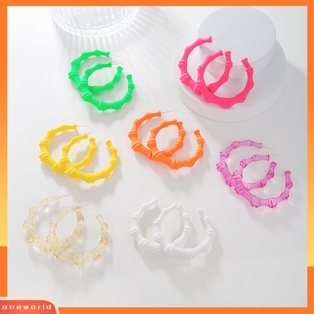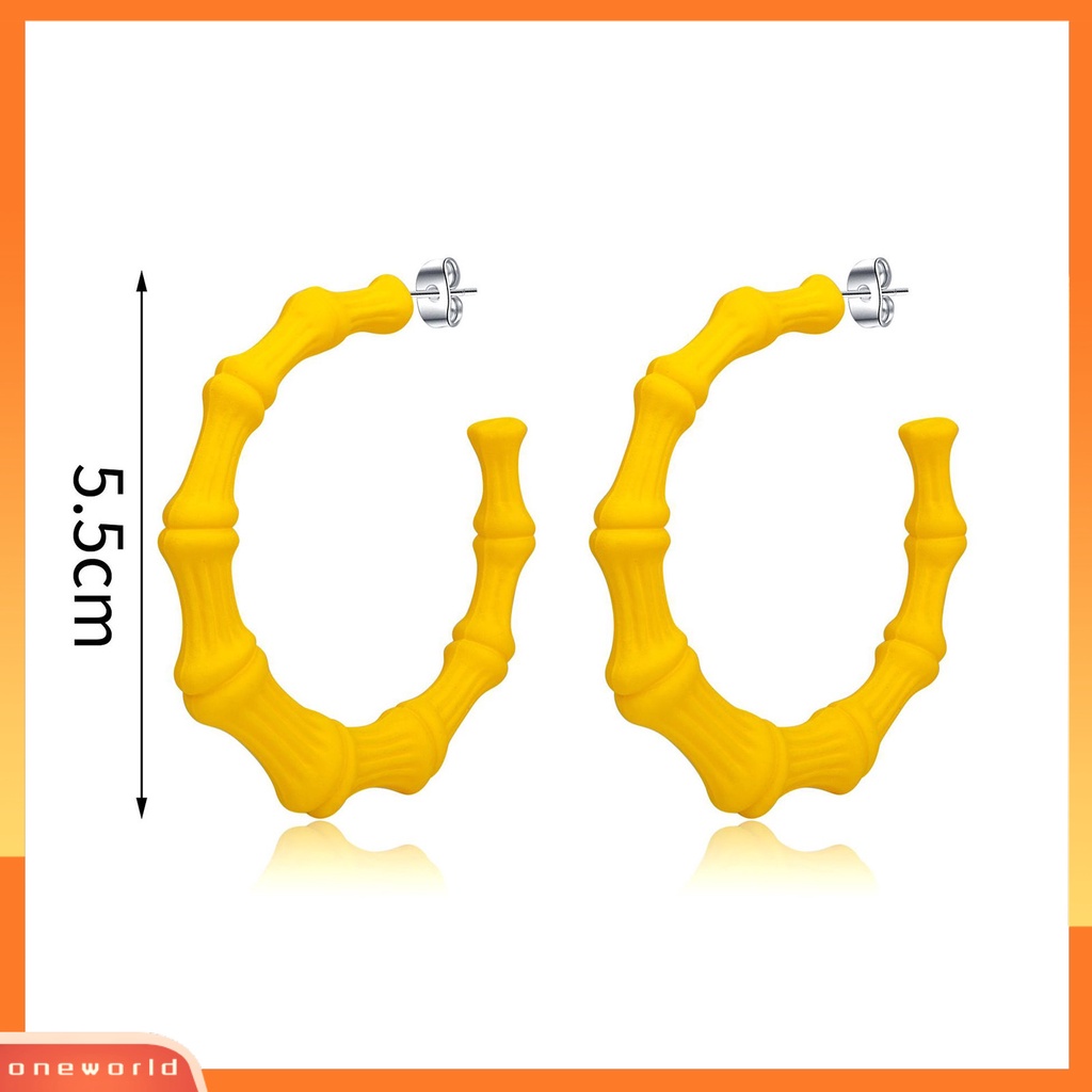 [WOD] 1pasang Anting Hoop Geometris Berbentuk C Tindik Cat ing Liontin Berdandan Tahan Luntur Anting Hoop Lingkaran Bambu Besar Untuk Kehidupan Sehari-Hari
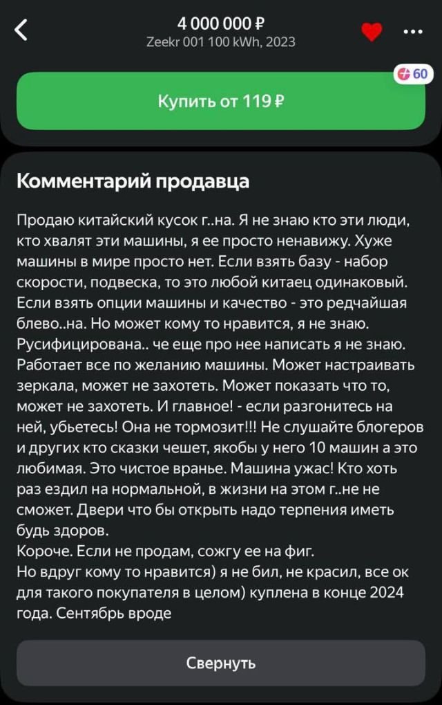 Владельцу Zeekr надоела его машина, и он решил ее продать, поделившись в комментариях душераздирающей историей. Он уверяет, что это «самая ужасная машина в мире», и если он ее не продаст, то просто сожжет. С таким настроем не знаю, кто купит его авто...
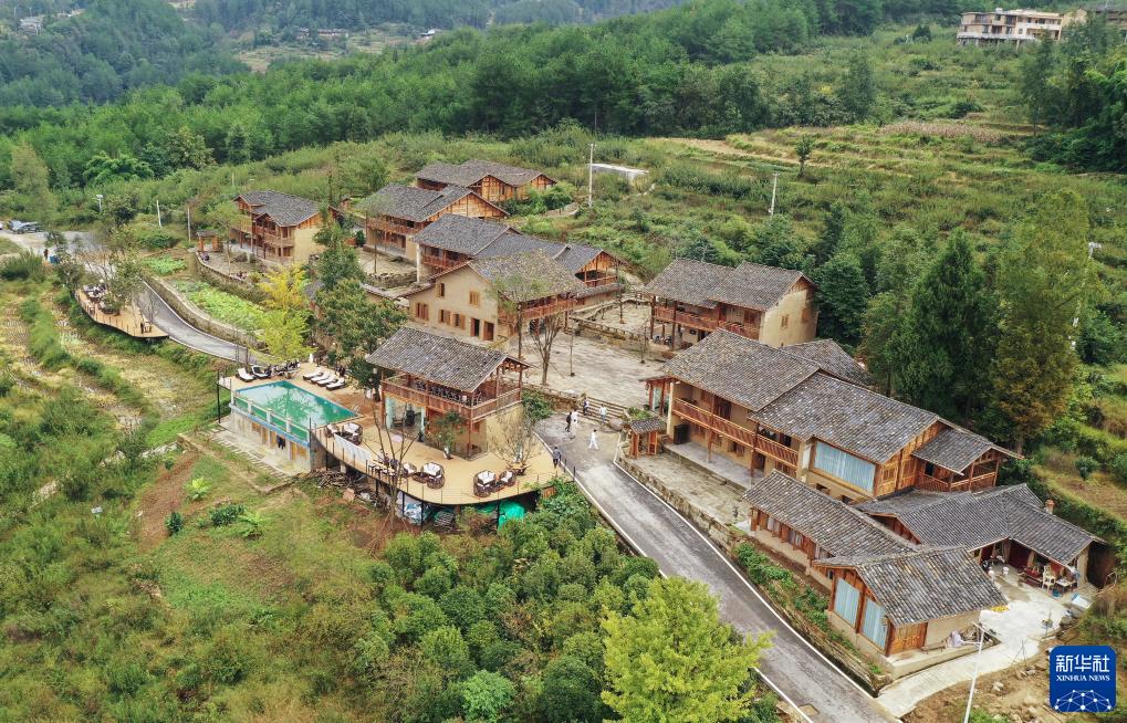 10月10日拍攝的位于重慶市石柱土家族自治縣橋頭鎮的民宿院落群(無(wú)人機照片)。
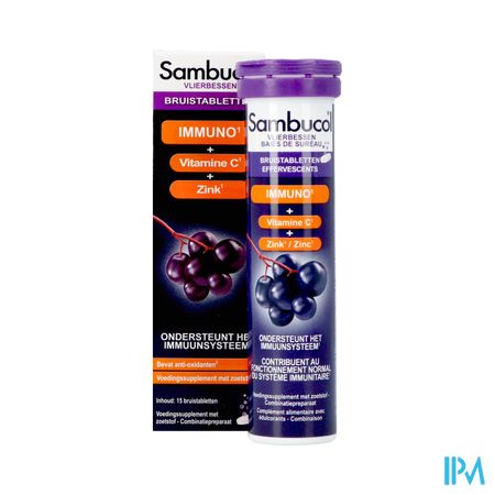 Sambucol Bruistabletten 15 is een voedingssupplement, verkrijgbaar in uw buurtapotheek of online apotheek. Neem niet meer dan de aanbevolen dagelijkse dosis vermeld op de verpakking. Het vervangt geen gezonde levensstijl en gevarieerde en evenwichtige voeding. Vraag raad aan uw apotheker. Het product altijd buiten het bereik van kinderen houden.
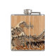 The Great Hokusai Wave Bamboo Wood Style Accent Hip Flask
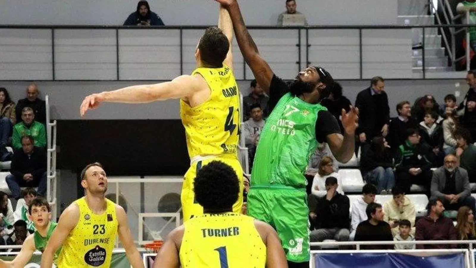 Porque hubo cuatro cuartos, pero un único guion más allá del intercambio inicial de canastas. Okouo golpeaba una zona cobista demasiado desguarnecida. Los ourensanos lo compensaban con un poco de cada (8-13, m.4) para un primer parcial de ventaja mínima, 20-21, pero sensación de que eres mejor sí o sí.
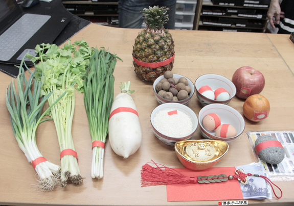 今天:2015年的12月09日 天氣:晴 剃頭小組:小韻&小杋 以下是我們傳家手工印章特地幫寶寶準備的豐盛十禮唷! 為范寶寶準備一顆橘子。 橘子「代表的含意:大吉大利」 讓寶寶大吉大利~事事都順心唷! 為范寶寶準備的韭菜一把。 韭菜一小把。「代表的含意:長壽、長久、健康吃120歲」。
^^^^^^^^^^^^^^^^
• Task instructions:
The answer must be the part of the records that opens with the line containing "Владельцу Zeekr надоела" and closes with the line containing "10月10日拍攝的位于重慶市", reproduced exactly, with no pictures.

• Output below:
 Владельцу Zeekr надоела его машина, и он решил ее продать, поделившись в комментариях душераздирающей историей. Он уверяет, что это «самая ужасная машина в мире», и если он ее не продаст, то просто сожжет. С таким настроем не знаю, кто купит его авто...
 10月10日拍攝的位于重慶市石柱土家族自治縣橋頭鎮的民宿院落群(無(wú)人機照片)。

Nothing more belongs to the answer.